## What is needed
Your answer should give again, exactly, the lines from the beginning of the entries below through the line containing "2girlsblonde hairblushbraidfemale focushairbandhatmultiple". It must contain no pictures.

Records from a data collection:
——
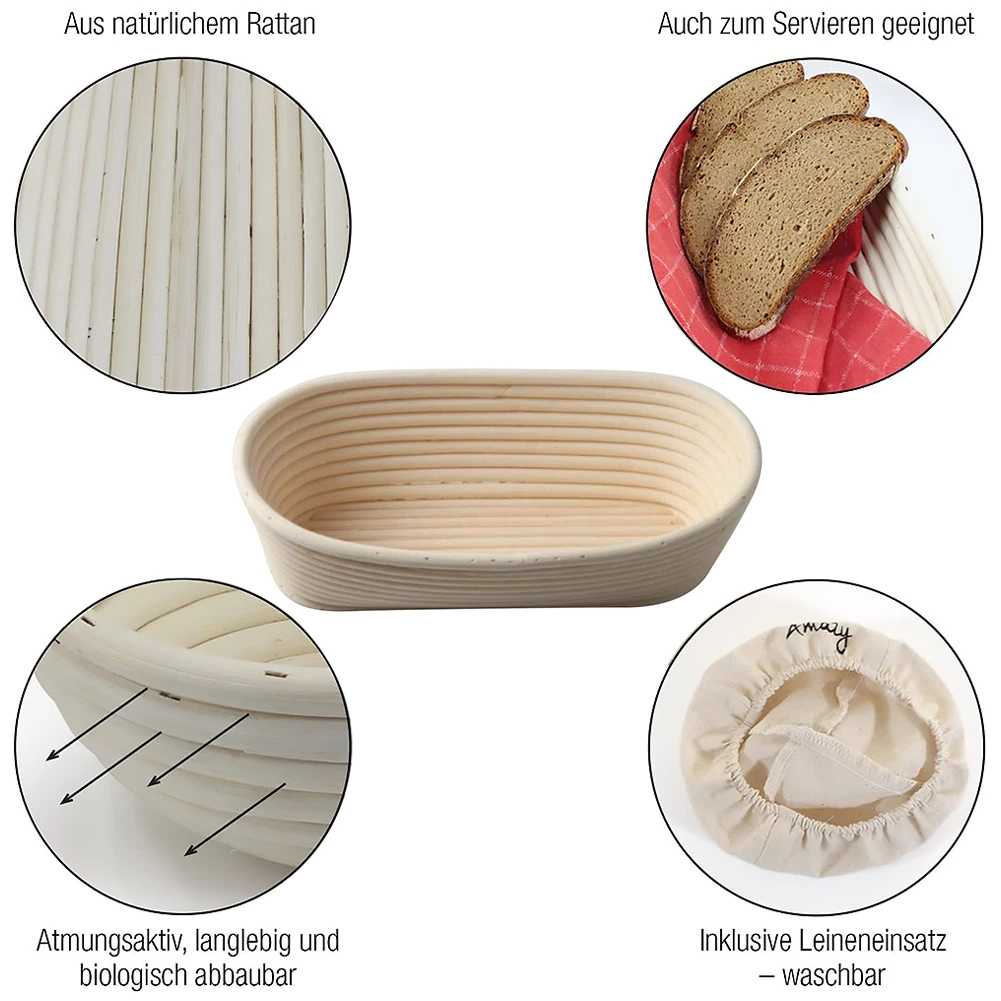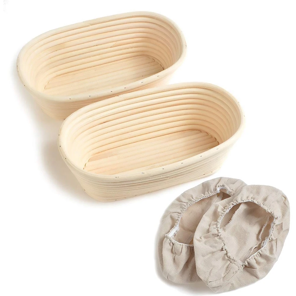 Корзина из ротанга для теста, выпечки, хлеба, 2 шт., овальная, корзины для ферментирования
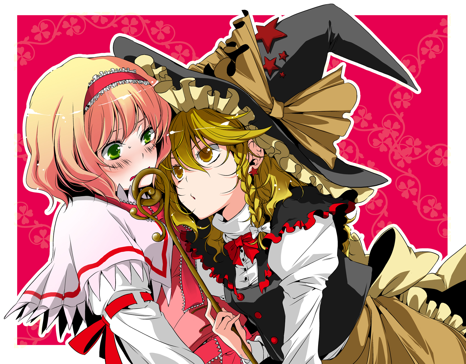 2girlsblonde hairblushbraidfemale focushairbandhatmultiple girlsribbonwandwitchwitch hatyellow eyes
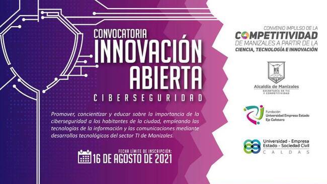 Hasta el próximo 16 de agosto a las 5:00 p.m. estará abierta la convocatoria de Innovación para fortalecer la Ciberseguridad, iniciativa que se realiza la Secretaría de TIC y Competitividad y la Fundación Universidad Empresa Estado Eje Cafetero, con el propósito de impulsar iniciativas enfocadas en la ciencia, tecnología e innovación en beneficio de los manizaleños.
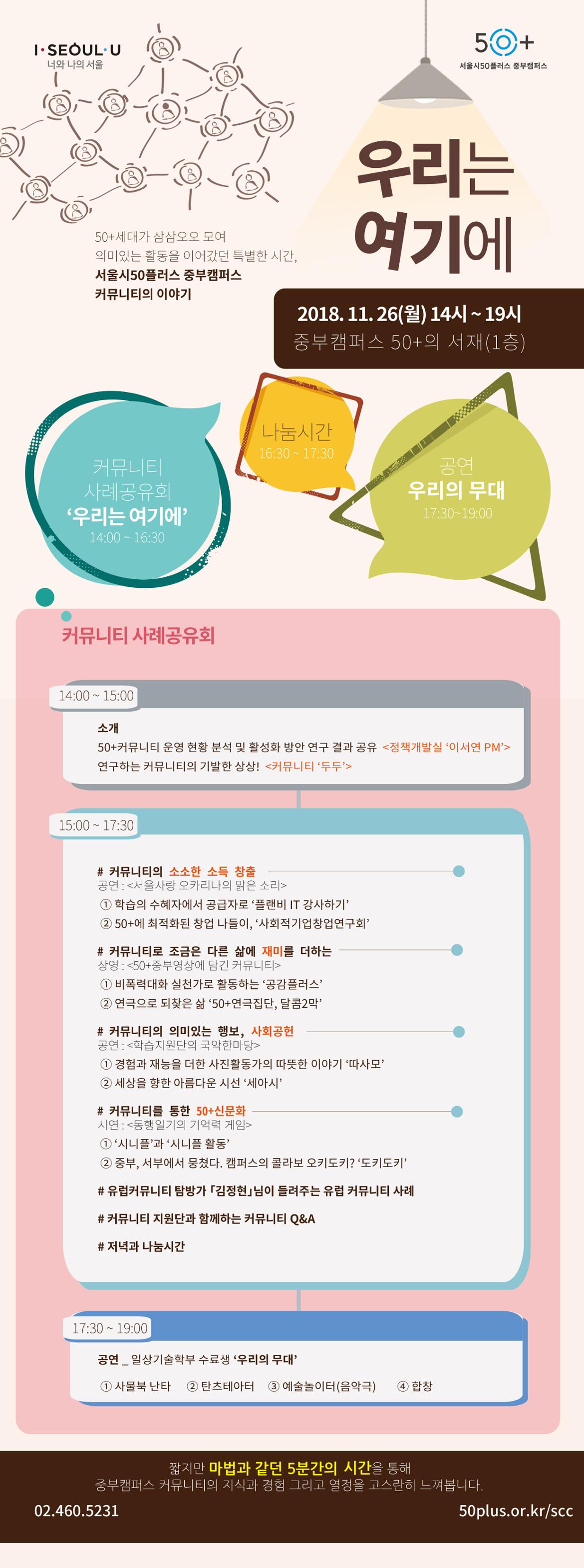 서울시50플러스 중부캠퍼스 (우04147)서울시 마포구 백범로31길 21, 서울복지타운 2층 사업자등록번호 : 232-82-00433
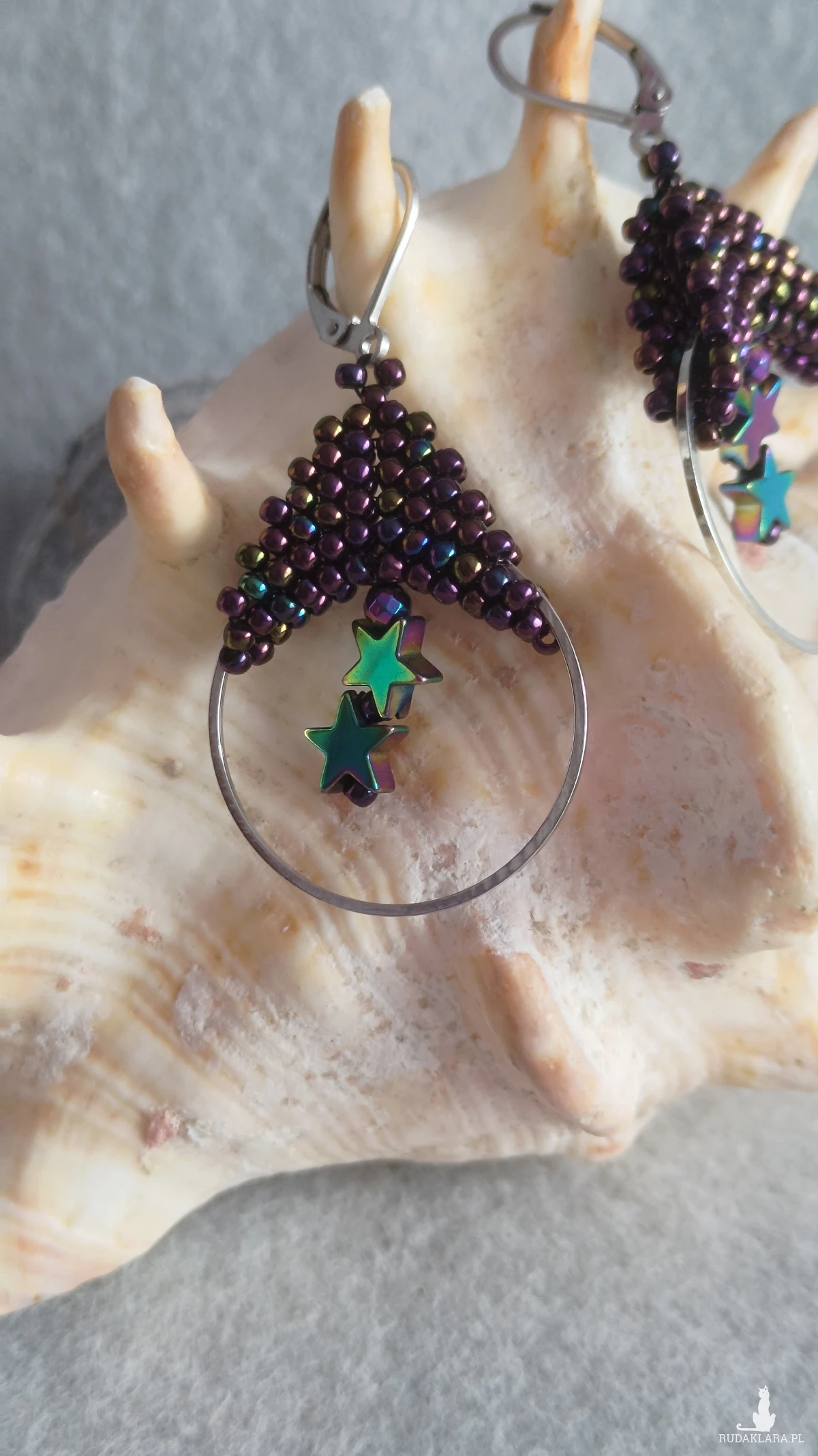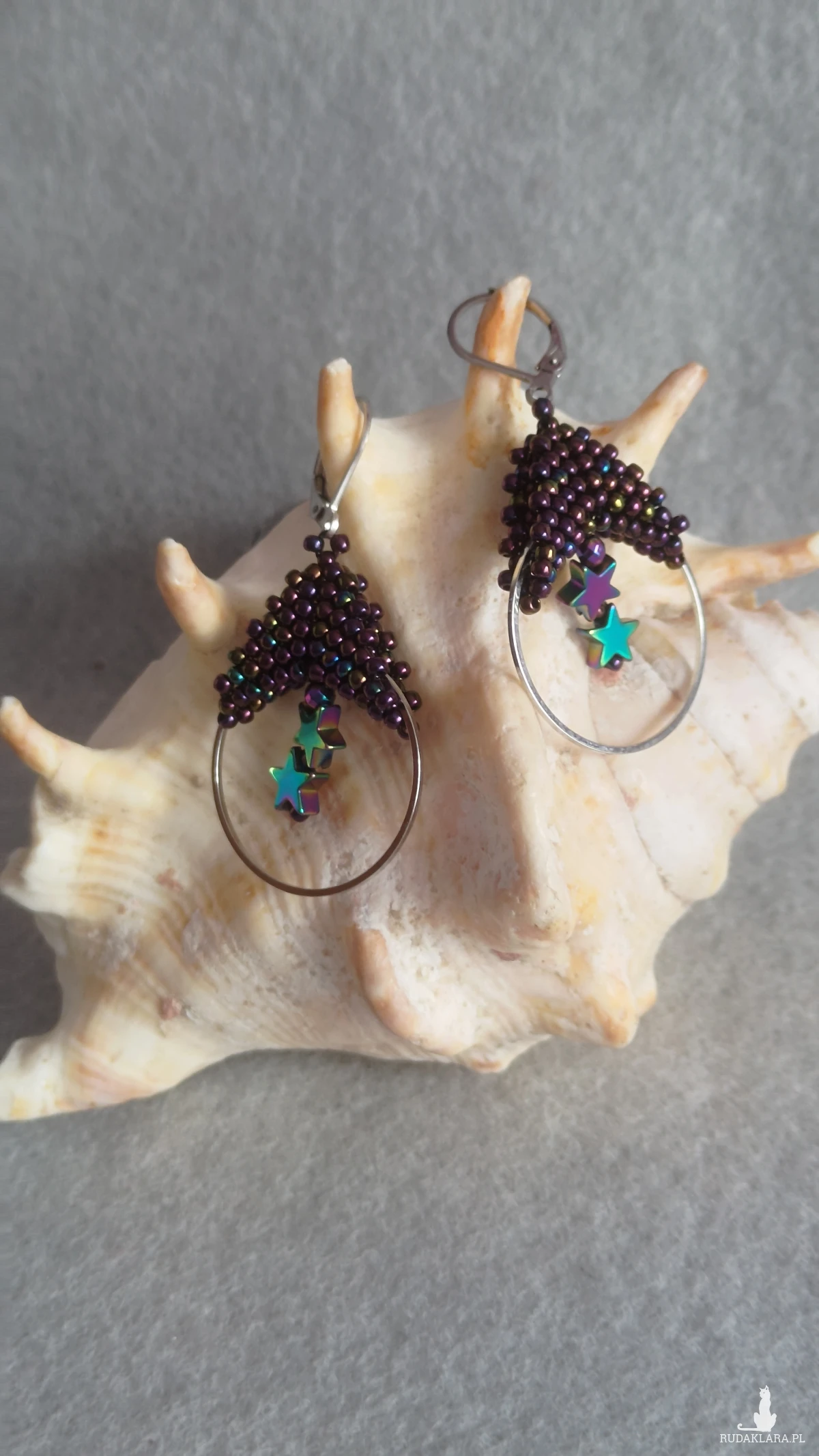 Kolczyki wykonane są z japońskich koralików toho techniką beadingu na okrągłej bazie o średnicy 3,5 cm. Koraliki są w odcieniach koloru fioletowego, całości dopełniają kolorowe gwiazdeczki z hematytu. Kolczyki zawieszone są na biglach angielskich ze stali chirurgicznej.
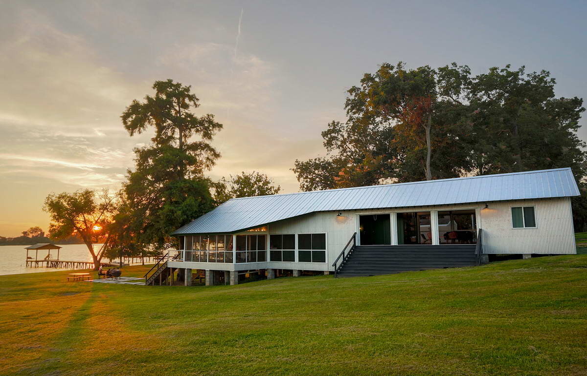 Заказчики, которые провели детство летом у воды, захотели создать своеобразный лагерь для выходных и рыболовных сезонов. Простой одноэтажный дом расположен на наклонном участке между дорого и озером. В нём 3 спальные комнаты (одна хозяйская и две двухъярусные), кухня (внутренняя и наружная), две комнаты с верандой и одна длинная боковая веранду, две ванные комнаты и верхний мезонин. Основная ванна разделена по функциям и доступна с крыльца, чтобы одновременно задействовать как можно больше пользователей. Все пространства обеспечивают максимальную вентиляцию и тень и могут быть полностью закрыты, когда владельцы возвращаются в город на работу. Металлические рулонные двери закрывают здание, герметизируя лагерь. Когда владельцы возвращаются, они могут свернуть их и позволить озерному бризу просочиться через тонкую форму. Один из других запросов, сделанных заказчиком, состоял в том, чтобы сделать лагерь долговечным и практически не требующим обслуживания. Кожа и крыша здания металлически
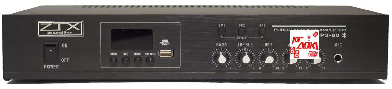 трансляционный усилитель мощности 80W, 3 зоны, 1 микрофонный вход, 1 линейный вход/AUX, 1 линейный выход, USB/BLUETOOTH/MP3/FM регулировка высоких и низких частот защита от перегруза.
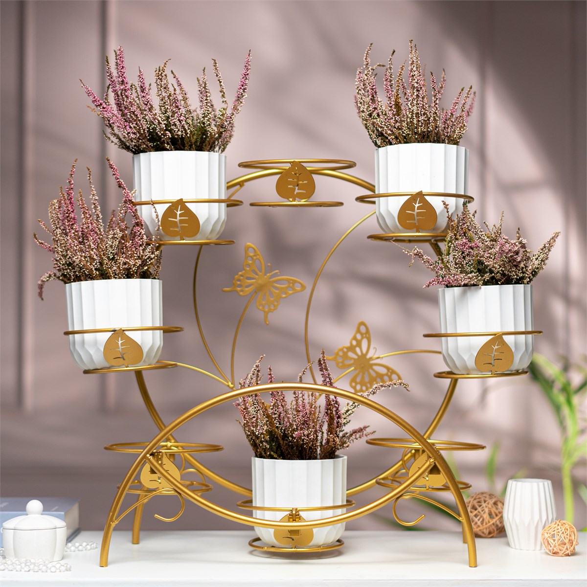 Разборная металлическая подставка 41-025R золотого цвета для 8 кашпо d=12 см с бабочками и листочками создаёт мини-сад на подоконнике, кухне или балконе. Изготовлена из прочной стали с порошковым покрытием, устойчива к коррозии и механическим повреждениям. Легко собирается за 3 минуты без инструментов. Подходит для фиалок, суккулентов или трав. Высота 60 см идеальна для подоконников. Вес 2,4 кг упрощает перемещение.
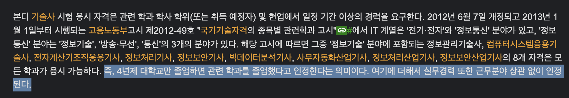 그런데 이런 제가 실제로는 정보관리기술사 자격증을 딸 수 있는 응시자격이 무려 몇 년전에 됐더라고요. 신기하지 않나요?
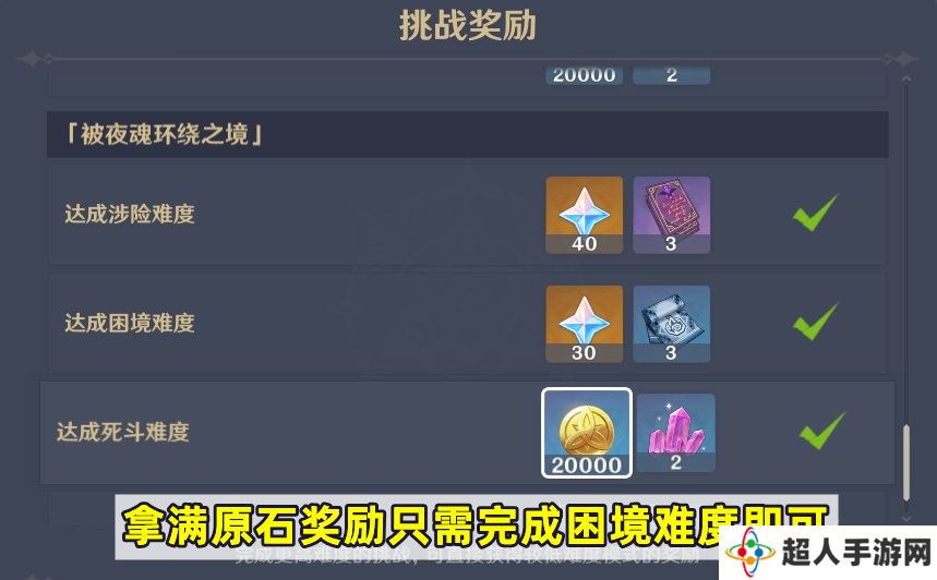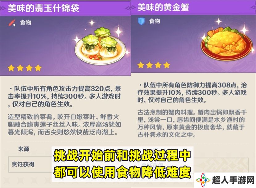 挑战开始前和挑战过程中都可以使用食物来降低难度;另外拿满原石奖励只需完成困境难度即可~
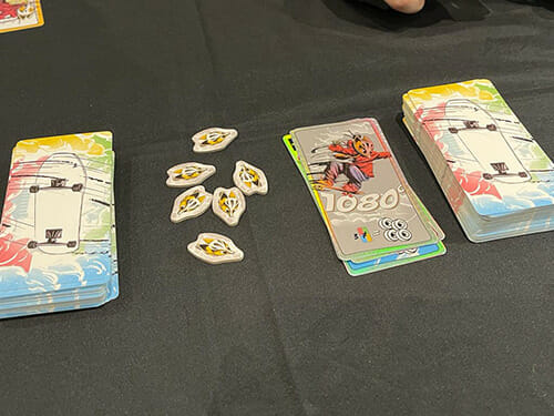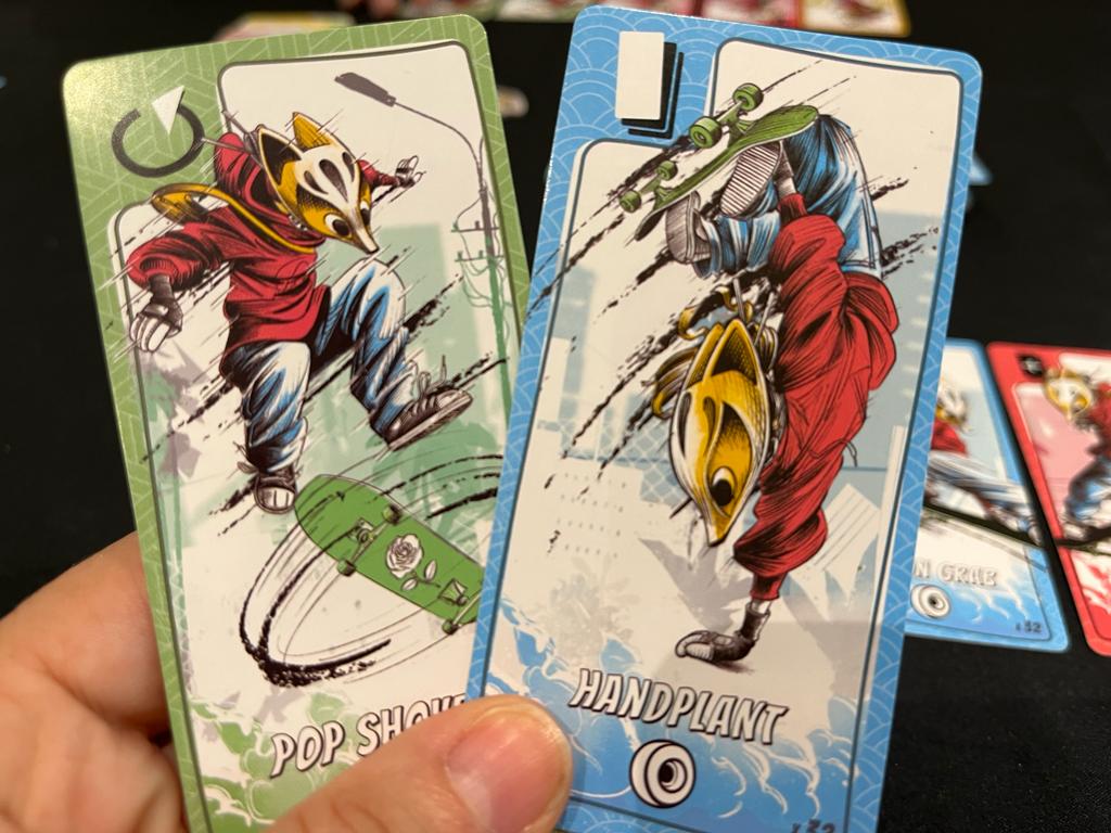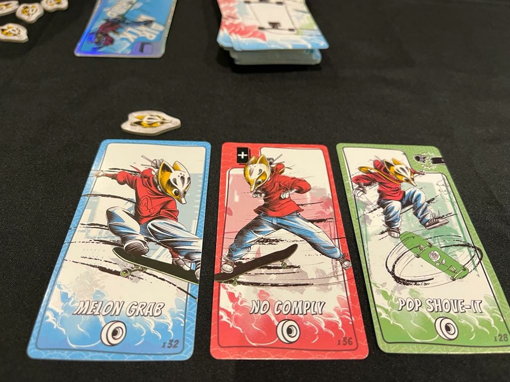 Vous essayez d’enchaîner les tricks (figures acrobatiques) en piochant des cartes depuis l’une des deux pioches (ou depuis votre main) : plus on pose de cartes plus on marquera de points, mais si on accumule trois couleurs identiques ou trois symboles de planche brisée, on perd alors toutes nos cartes posées.
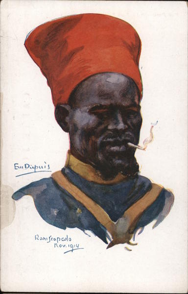 Front: Em Dupinos CON BO Parehendaele Nov.1914) Gevalerie iudicane 11 Back: -PARIS- COLOR CARTE POST A LE 152 Quai de Jem mapes Visé Paris. No 11. Nos Alliés
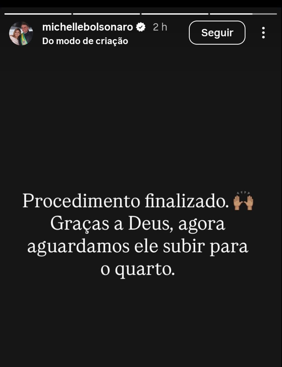 “Procedimento finalizado. Graças a Deus, agora aguardamos ele subir para o quarto”, escreveu Michelle nas redes sociais. Bolsonaro está internado no Hospital DF Star desde a véspera de Natal, onde segue em acompanhamento médico após cirurgia realizada no dia 25 de dezembro.
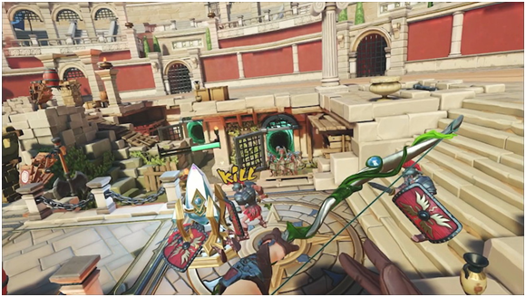 如果有人問(wèn)我,這款被海外主流媒體評(píng)為合格的VR游戲到底是什么樣子?我發(fā)現(xiàn)我很難用一兩句話說(shuō)清楚,因?yàn)樗诤狭怂?、射擊、?dòng)作等多種游戲的元素,感興趣的朋友不妨親身體驗(yàn)一下。張弢告訴我,其實(shí)團(tuán)隊(duì)成員過(guò)去以制作重度射擊游戲見(jiàn)長(zhǎng),其過(guò)去制作時(shí)間最長(zhǎng)的游戲玩法就是打僵尸,作為“打僵尸專業(yè)戶”的團(tuán)隊(duì)在一開(kāi)始卻沒(méi)有選擇做一款僵尸類VR游戲,主要是基于如下考慮。“我們認(rèn)為,優(yōu)秀的VR游戲應(yīng)該有好的交互方式和gameplay(玩法),這樣才配得上VR這樣革新性的技術(shù),所以我們做了一個(gè)決定,我們要做一款開(kāi)放式的VR游戲?!镀婢场肪哂泻軓?qiáng)的橫向擴(kuò)展性,我們并沒(méi)有把它定義成FPS,而是一款Hero-Based(以英雄為基礎(chǔ))的游戲,這有點(diǎn)類似于LOL,雖然我們的規(guī)則完全不一樣,但你會(huì)發(fā)現(xiàn)它們的擴(kuò)展性都很強(qiáng)。每當(dāng)我們靈光一閃,想到一個(gè)新技能的時(shí)候,我們就可以把它包裝成一個(gè)新英雄,然后交給玩家去評(píng)判這個(gè)玩法好不好,如果玩家給出積極的反饋,我們就繼續(xù)發(fā)展下去。”
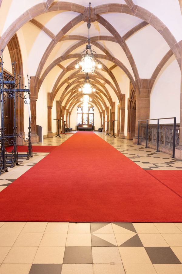 in the corridors and stairways of the centrally located town hall in Saarbrücken
——
## Result of the task
 Корзина из ротанга для теста, выпечки, хлеба, 2 шт., овальная, корзины для ферментирования
 2girlsblonde hairblushbraidfemale focushairbandhatmultiple girlsribbonwandwitchwitch hatyellow eyes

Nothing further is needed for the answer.